[Dataset extract Boundary: Start]

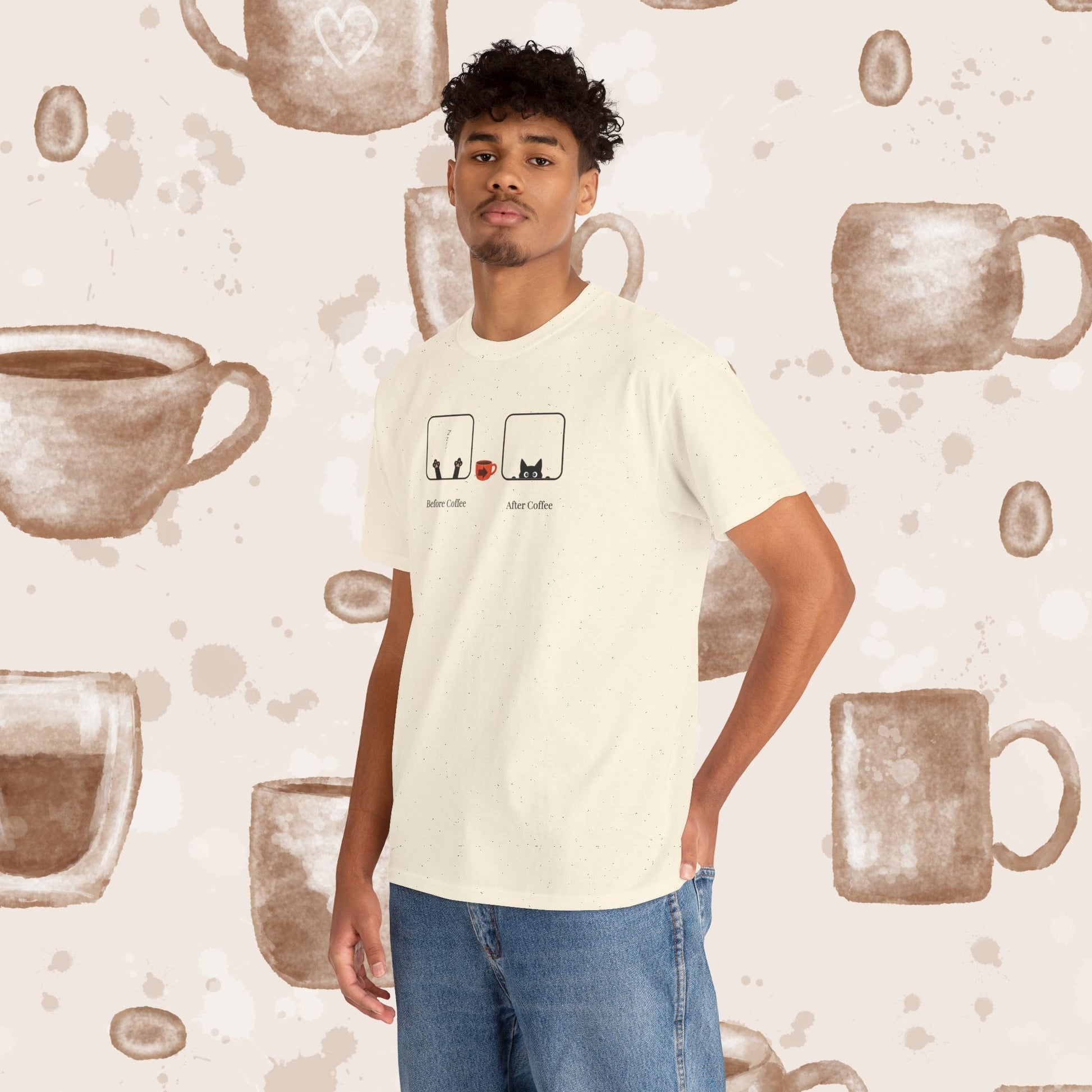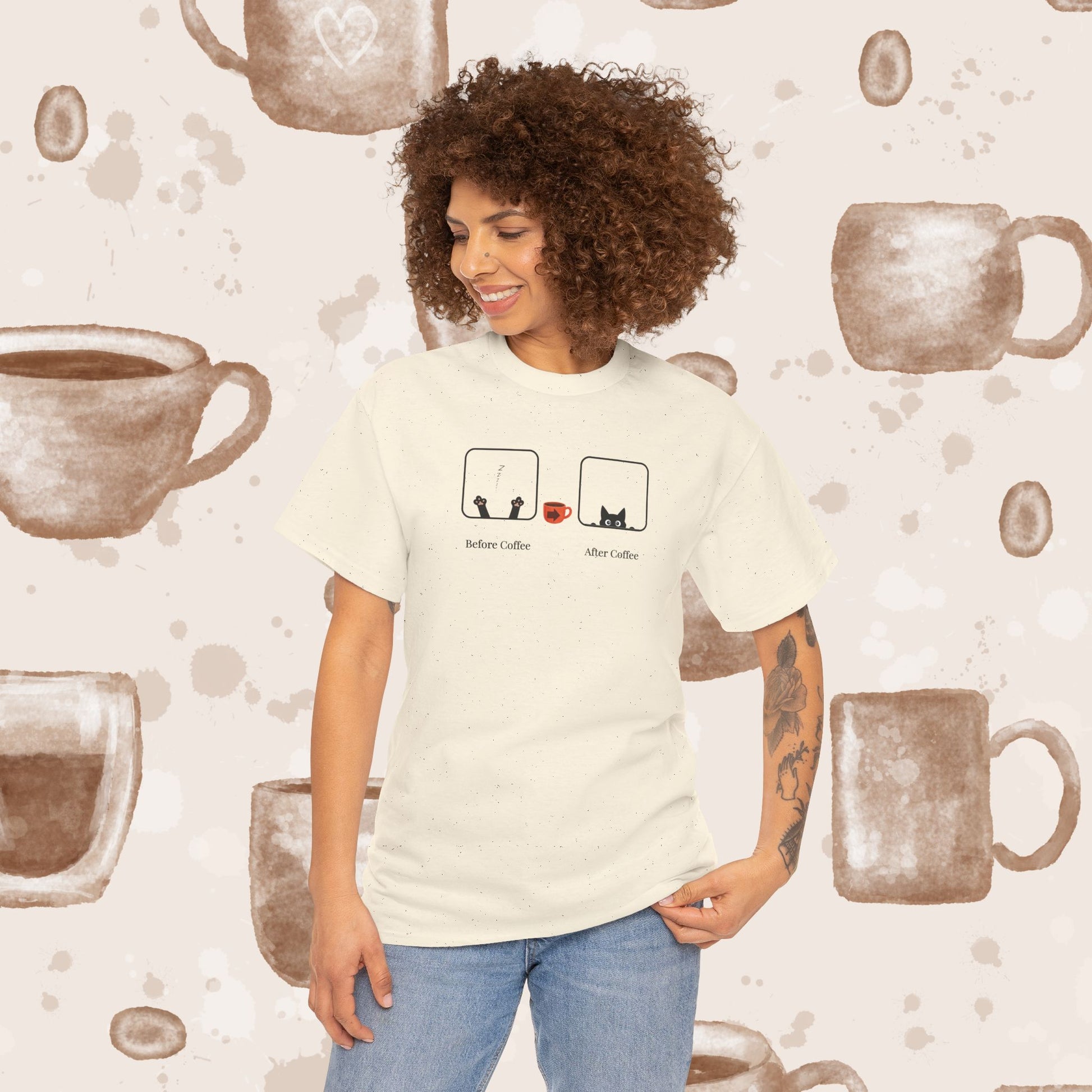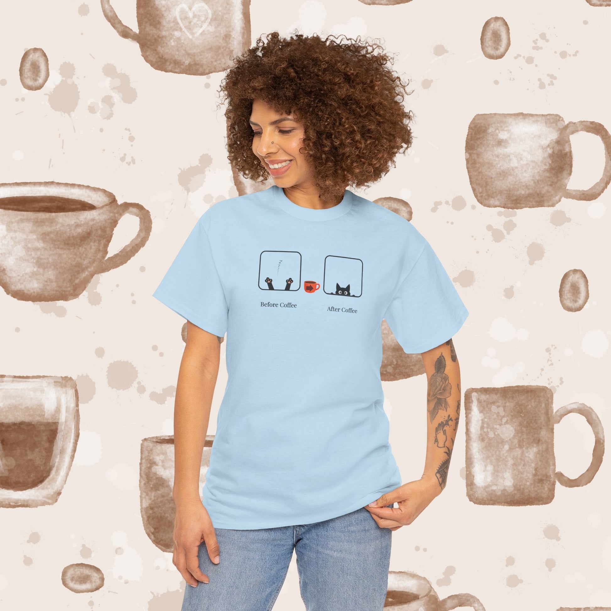 Two simple cat icons tell the whole caffeine story: on the left, a sleepy kitty with paws up, reaching for a steaming cup; on the right, the same cat wide‑eyed and alert. A tiny coffee cup with an arrow sits between them, and subtle labels read “before coffee” and “after coffee.” Clean, funny, and instantly relatable, this minimalist design is perfect for coffee lovers and cat lovers alike. A great everyday tee for anyone who transforms from snoozy to energized with that first sip.
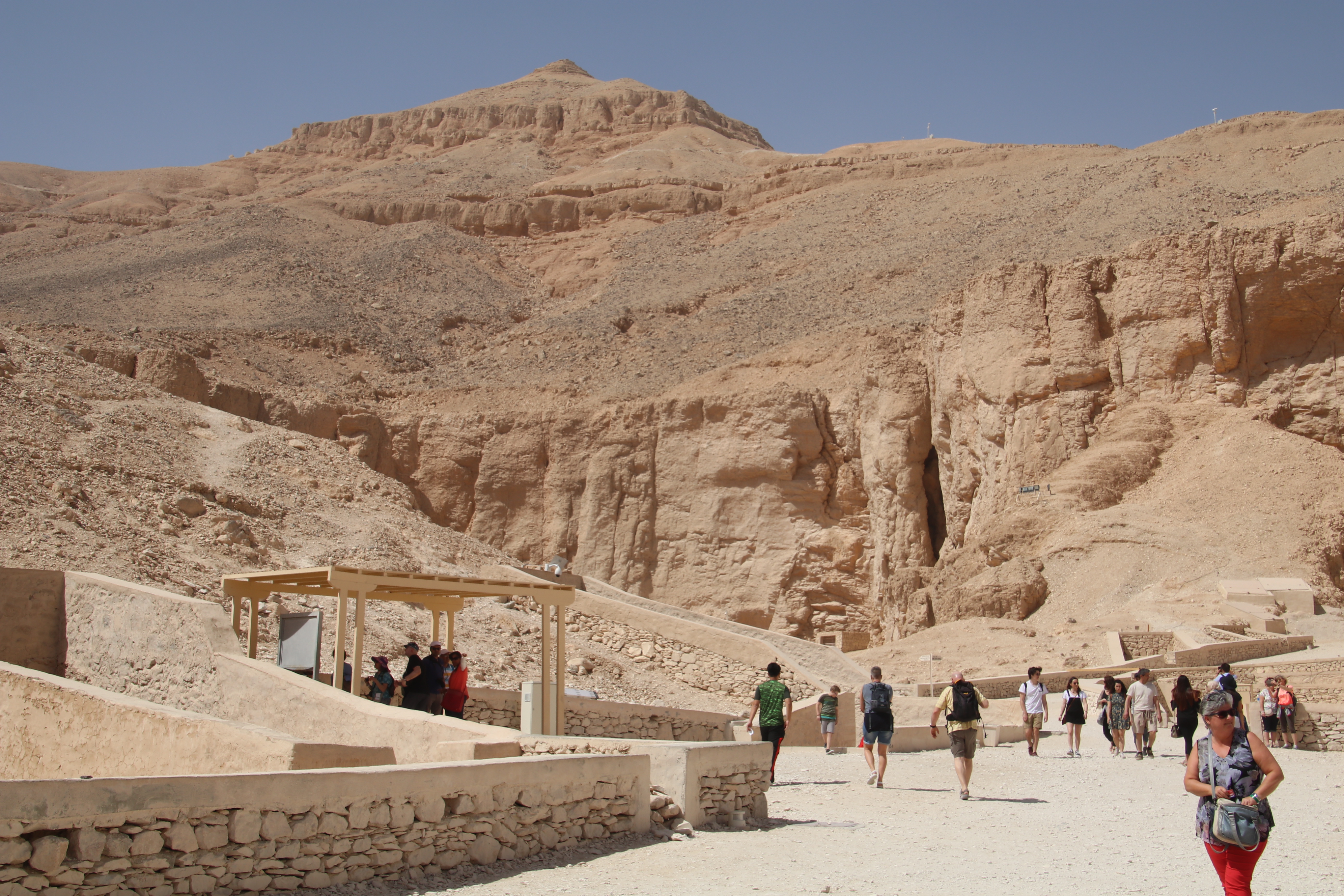 After her place, we drive round to the Valley of the Kings. This is a big valley full of rubble and tourists and tombs. Tombs ‘R Us. If I told you whose tombs we visited, I would be lying. I’m pretty sure there was a Seti in there and almost definitely a Ramesese (There is always a Ramesese and No. II was pretty prolific at sticking his name on anything he could get his chisel on but, whether that included somebody else’s tomb, is probably unlikely). Some are boring. We didn’t even go into Tut’s tomb because we were told it’s really boring. Once you got made Pharaoh, you set some guys on to dig your tomb and, as he got the promotion at age 9 and pegged it at age 19, they didn’t have much time to get it dug, let alone cover it in 3 million hieroglyphs telling the gods what a great guy you were. What is incredible is the amount of loot they found stashed in there, accumulated in those few years.
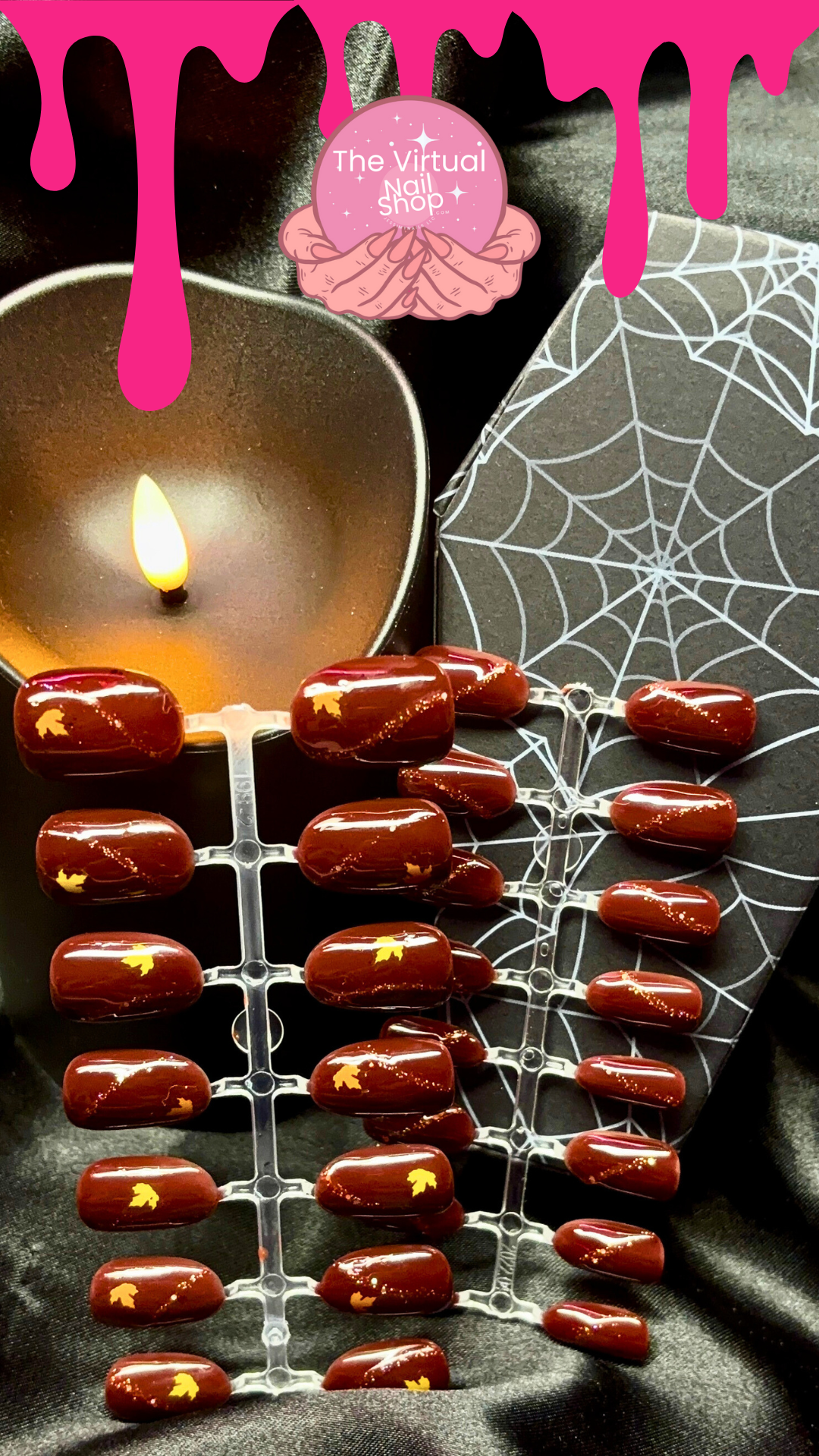 Bring cozy sweater-weather vibes to your fingertips! This rounded set shifts color with your body heat (hello, mood magic ✨), is sprinkled with striped glitter accents, and features cascading fall-leaf decals for the perfect autumn moment.
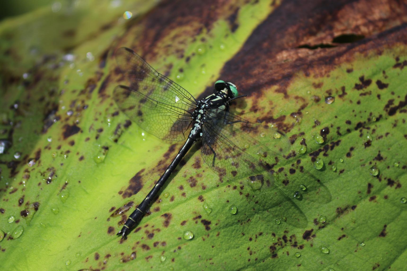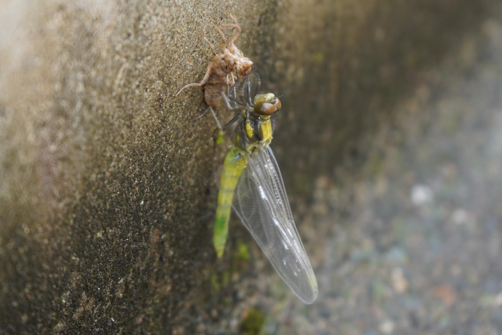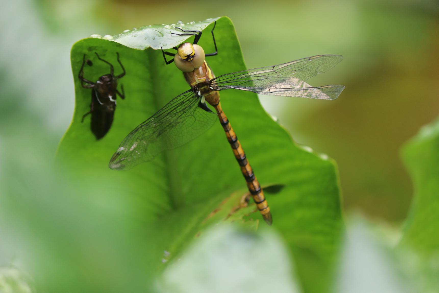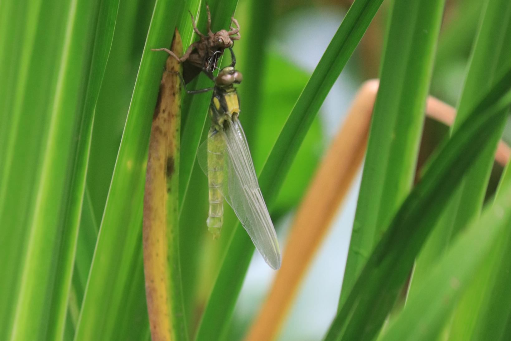 とんぼの羽化です。この日は、ここで羽化をしている姿を見つけ、子供たちは、興味津々でした。「トンボ池」周辺で羽化している姿を過去、数回見つけることが出来ました。葉などの裏を観察すると見つけられるかもしれません!

[Dataset extract Boundary: End]

* [Directions for this task] Could you output the listing word for word, omitting every picture?

* [Solution]
 Two simple cat icons tell the whole caffeine story: on the left, a sleepy kitty with paws up, reaching for a steaming cup; on the right, the same cat wide‑eyed and alert. A tiny coffee cup with an arrow sits between them, and subtle labels read “before coffee” and “after coffee.” Clean, funny, and instantly relatable, this minimalist design is perfect for coffee lovers and cat lovers alike. A great everyday tee for anyone who transforms from snoozy to energized with that first sip.
 After her place, we drive round to the Valley of the Kings. This is a big valley full of rubble and tourists and tombs. Tombs ‘R Us. If I told you whose tombs we visited, I would be lying. I’m pretty sure there was a Seti in there and almost definitely a Ramesese (There is always a Ramesese and No. II was pretty prolific at sticking his name on anything he could get his chisel on but, whether that included somebody else’s tomb, is probably unlikely). Some are boring. We didn’t even go into Tut’s tomb because we were told it’s really boring. Once you got made Pharaoh, you set some guys on to dig your tomb and, as he got the promotion at age 9 and pegged it at age 19, they didn’t have much time to get it dug, let alone cover it in 3 million hieroglyphs telling the gods what a great guy you were. What is incredible is the amount of loot they found stashed in there, accumulated in those few years.
 Bring cozy sweater-weather vibes to your fingertips! This rounded set shifts color with your body heat (hello, mood magic ✨), is sprinkled with striped glitter accents, and features cascading fall-leaf decals for the perfect autumn moment.
 とんぼの羽化です。この日は、ここで羽化をしている姿を見つけ、子供たちは、興味津々でした。「トンボ池」周辺で羽化している姿を過去、数回見つけることが出来ました。葉などの裏を観察すると見つけられるかもしれません!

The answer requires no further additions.